What is often missing is a clear view of how these factors interact.
Compensation that lags behind the market creates an initial point of tension. Limited flexibility adds another layer. Over time, these elements shape perception. Professionals begin to see fewer reasons to stay and more reasons to consider alternatives. By the time a resignation occurs, the decision has usually been forming for months.
The CMO Constraint
For marketing leaders, particularly those at the CMO level, these challenges are well understood. Many are acutely aware of where compensation sits relative to the market and how it impacts both hiring and retention. They see the patterns in candidate conversations. They hear the feedback from their teams.
Yet not all CMOs are positioned to act on that insight.
Compensation decisions often sit within broader firm leadership structures, requiring alignment with human resources and finance. In some cases, CMOs do not have direct access to those conversations, or their input is one of many considerations. Budget constraints, internal equity concerns, and competing priorities all influence the outcome.
The result is a gap between awareness and action.
The Impact on Team Stability
Marketing leaders may be tasked with building high-performing teams while operating within compensation frameworks that no longer reflect the market. They are expected to attract top talent, retain high performers, and drive revenue-supporting initiatives, all while working within constraints that limit their ability to compete. At the same time, many of the roles they are hiring for, particularly within business development, are directly tied to revenue generation. A business development manager may be responsible for initiatives that bring significant new work through the door, contributing to millions in potential firm revenue, yet their own compensation may remain static or below market value. The disconnect between the value created and the value received does not go unnoticed.
This tension is not always visible from the outside, but it has a measurable impact on team stability and performance. Over time, professionals begin to recognize that their contributions are driving financial outcomes that far exceed their own compensation, without a clear path to share in that success. That realization can shift mindset from long-term investment in the firm to short-term evaluation of alternatives. As that shift spreads across a team, retention becomes more fragile, performance can plateau, and the ability to sustain growth becomes increasingly difficult to maintain.
From Reactive Adjustments to Intentional Alignment
When compensation structures are revisited with the right level of detail, the conversation shifts. Firms begin to see where adjustments will have the greatest impact. They can identify roles where compression is creating risk, where pay is misaligned with scope, and where targeted changes will strengthen retention.
Equally important, they can move from reactive adjustments to proactive planning.
Instead of responding to counteroffers or unexpected resignations, firms can create compensation strategies that support long-term team development. They can align pay with performance and progression in a way that feels consistent and transparent. They can pair compensation with flexibility and role design to create a more complete value proposition.
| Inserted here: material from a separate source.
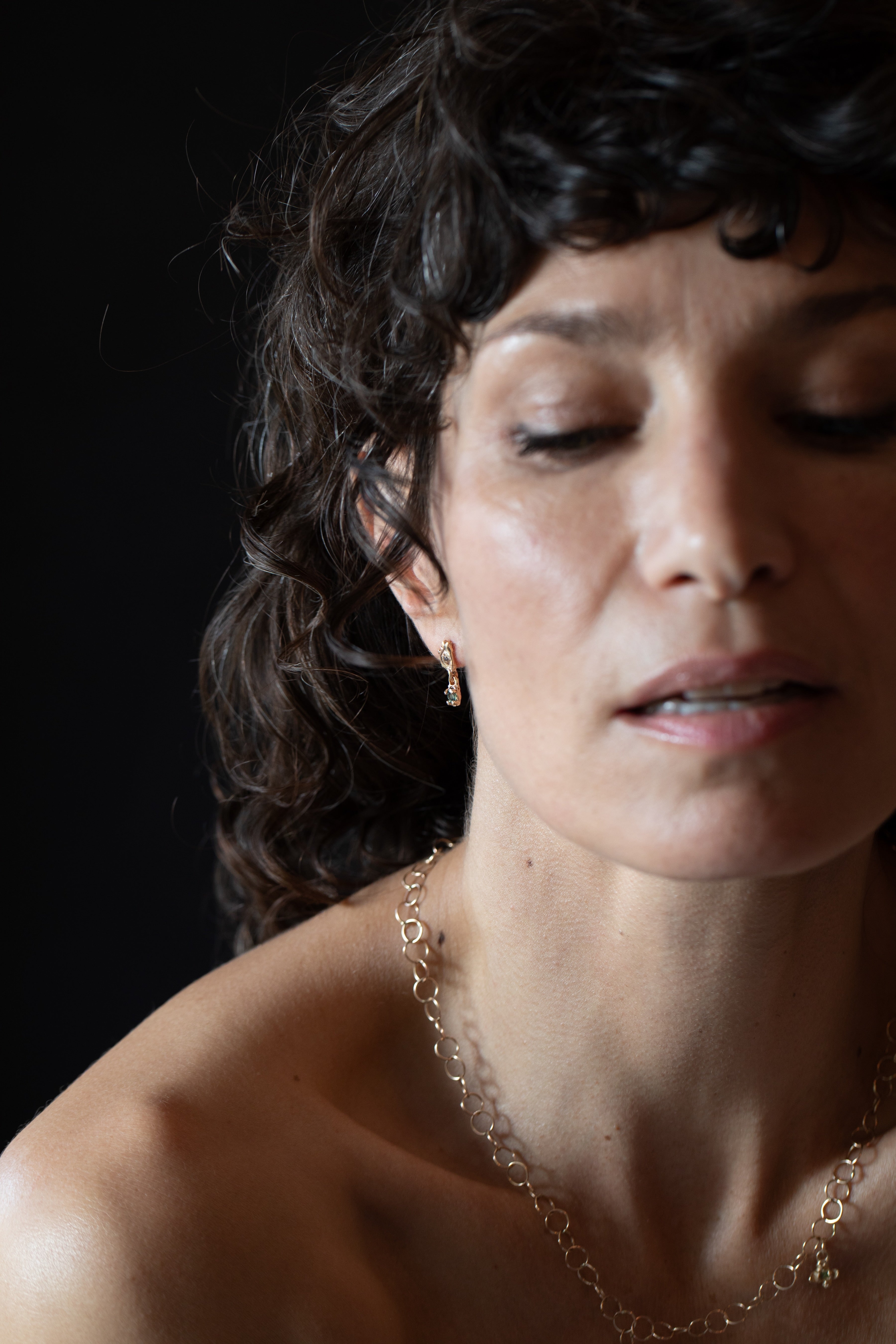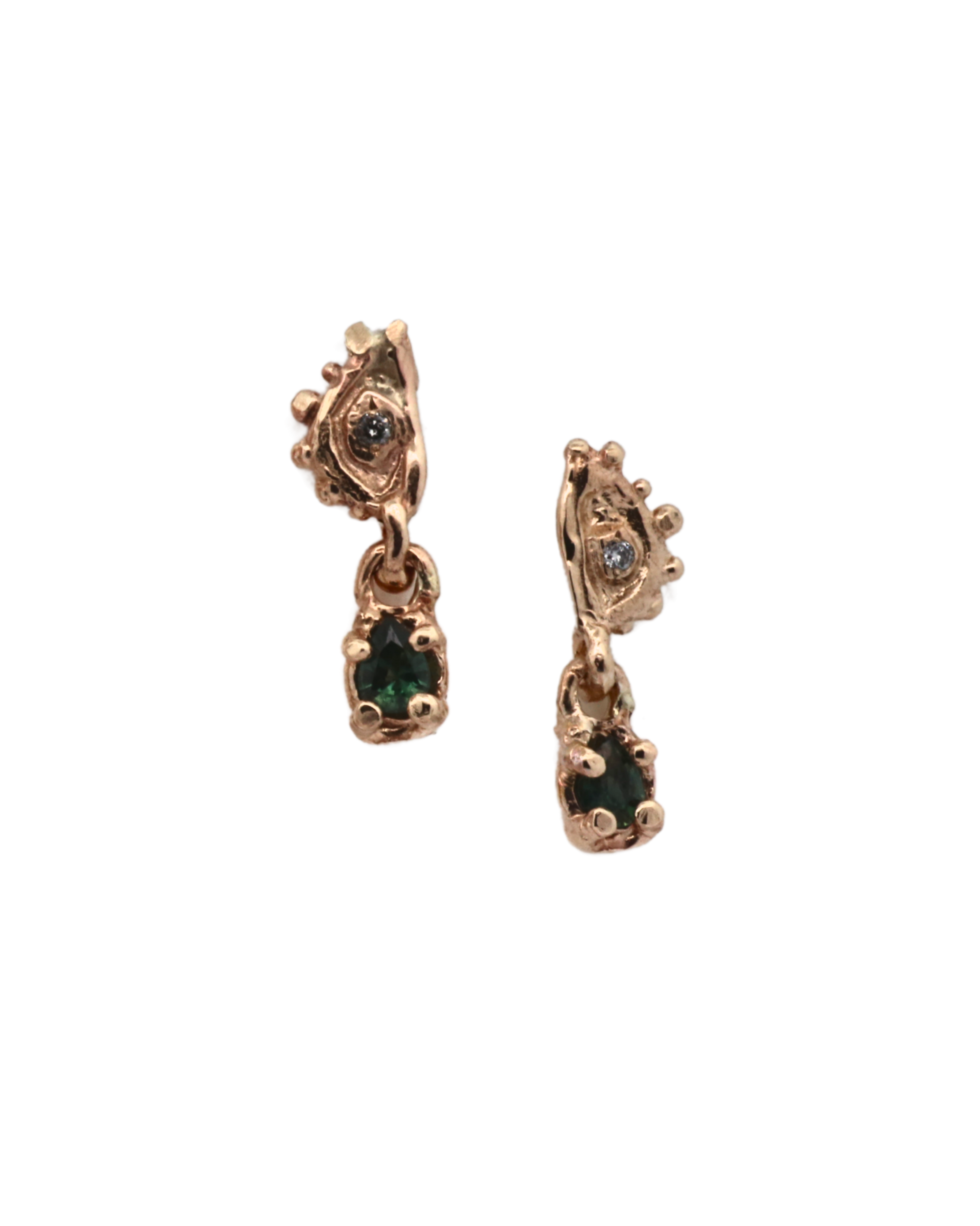 Hand-carved and lost wax cast in 14K Fairmined gold with bead champagne diamonds. Choose single or pair.

Retention improves not because a single change is made, but because the overall experience begins to align with expectations.
KHS People Final Thoughts
When experienced marketing and business development professionals have options, alignment matters. Compensation that reflects current conditions, paired with thoughtful team design and flexibility, creates stability. Without it, even the strongest teams become vulnerable to gradual erosion.
Outdated compensation structures do not fail all at once. They fall behind incrementally, until the gap becomes too wide to ignore. The firms that recognize and address that shift early are the ones that maintain momentum, retain their top performers, and continue to build teams that can support sustained growth.